The clear signal of unwelcome that right-wing American Catholics intend to give their gay brothers and sisters—you’re sick and not wanted here; join a liberal church that accepts the likes of you—runs absolutely counter to some of the most significant things that the Catholic worldview wants to affirm, and that Catholic apologists want to claim as marks of Catholic distinctiveness.  The rabid, mean-spirited shoving of gays and lesbians to the social and ecclesial margins by members of the Catholic right violates the communitarian ethic of Catholicism in the most egregious way possible, and radically undercuts what Catholics want to proclaim about the significance of the sacrament of Communion.

And as all of this goes on—and as the Catholic bishops of the U.S. continue to be silent about it (because gays are, after all, enemies of the church, and showing any concern for them is abetting the enemy)—here’s what continues to roll forth against gay and lesbian human beings, in the real world in which we all live.

Here’s some of the stuff we who are gay and lesbian have to contend with right now, from the mouths of people who claim to speak for God:

1.    In his recently published book Gesprekken met Monseigneur Léonard (Conversations with Archbishop Léonard), Archbishop André-Joseph Léonard, who was appointed by Pope Benedict last January as the Catholic primate of Belgium, states that the worldwide AIDS epidemic is a “matter of eminent justice”—that is, AIDS is God’s and nature’s punishment of gays for their dissolute lifestyles.

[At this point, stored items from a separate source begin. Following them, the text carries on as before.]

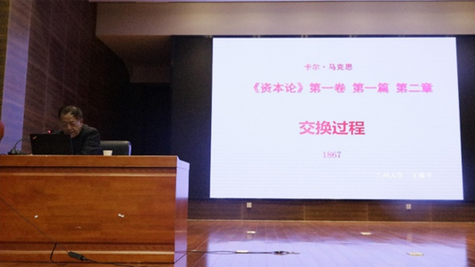 王维平教授从恩格斯1886年《<资本论>英文版序言》解读出发,强调了《资本论》的历史地位与当代价值,并对《资本论》第一卷第一篇第二章“交换过程”进行逐字逐句地深入解读,帮助同学们理解商品交换的条件和交换的必然性、交换的发展过程同时是货币的形成过程、货币的本质和对资产阶级经济学家货币理论的批判等内容。王教授还鼓励同学们认真研读马列经典,指出深入研读经典是理解、运用马克思主义理论的前提和基础,有助于提升逻辑思维能力、语言表达能力、理论认知能力和专业理论素养。
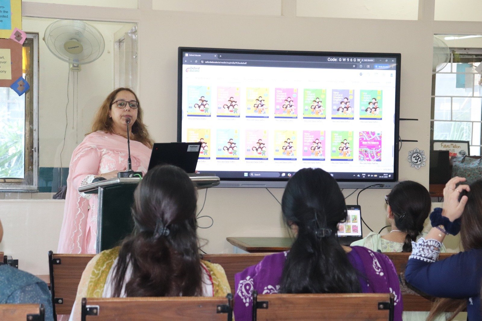The workshop further included a detailed explanation on framing class tests and question papers using Oxford resources. Teachers were guided on designing balanced assessments by including competency-based questions, comprehension tasks, grammar application exercise vocabulary enrichment activities, and writing skill-based questions. The process of selecting and generating assessment material from online resources was also explained.
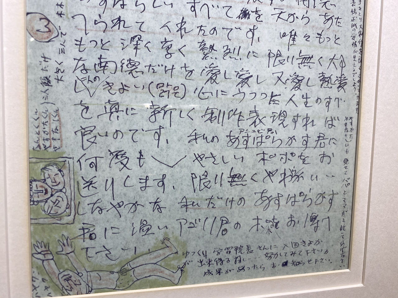 아고리(이중섭 자신)는 만족해서 마음속으로 혼자 싱글벙글 웃고 있다오. 사람들은 아고리가 제 아내만을 생각하고 있다고 여길지도 모르겠지만 아고리는 당신과 같은 사랑스런 애처와 오직 하나로 일치해서 서로 사랑하고, 둘이 한 덩어리가 되어 참 인간이 되고, 차례차례로 훌륭한 일 (참으로 새로운 표현과 계속해서 대작을 제작하는 것)을 하는 것이 염원이오. 자기가 가장 사랑하는 소중한 애처를, 진심으로 모든걸 바쳐 사랑할 수 없는 사람은 결코 훌륭한 일을 할 수 없소. 독신으로 제작하는 사람도 있지만 아고리는 그런 타입의 화공은 아니오. 자신을 올바르게 보고 있소. 예술은 무한한 애정의 표현이오. 참된 애정에 충만함으로써 비로소 마음이 맑아지는 것이오.

2.    And Cindy Jacobs, who describes herself as a Christian prophet, and who heads the influential Generals International movement with her husband Make, has issued a call to prayer for God’s “blood-covered justice and judgments” to fall on all Americans who entertain the cause of the “minority homosexuality community,” a cause she reduces to gay attempts to infiltrate schools.

Many Catholics—certainly those of the center, but also even many of those on the right who vehemently oppose welcome of gays in church and society—would claim that they see a large difference between what the Catholic church is now saying and doing to gay citizens of the land and its gay members ,and what folks like Cindy Jacobs would like to see done.

But I confess that, as the bishops remain stubbornly, deliberately silent about the homophobia that runs rampant through the Catholic church in the U.S., and as one suicide after another of gay youths gains national attention, I don’t see much difference at all.  And it is hard to imagine that a religious tradition with the intellectual breadth and rich heritage of Catholicism would bring itself to this point, to this moral no-exit.

But this is precisely the moral and intellectual dead end into which the current crop of bishops have led the Catholic church in the U.S.—at the behest of the Vatican itself.  And the situation is not going to change until Catholics of the center become alarmed enough about the significant erosion taking place in their church’s moral authority in the public square due to its savage treatment of gays and lesbians that they begin to push back.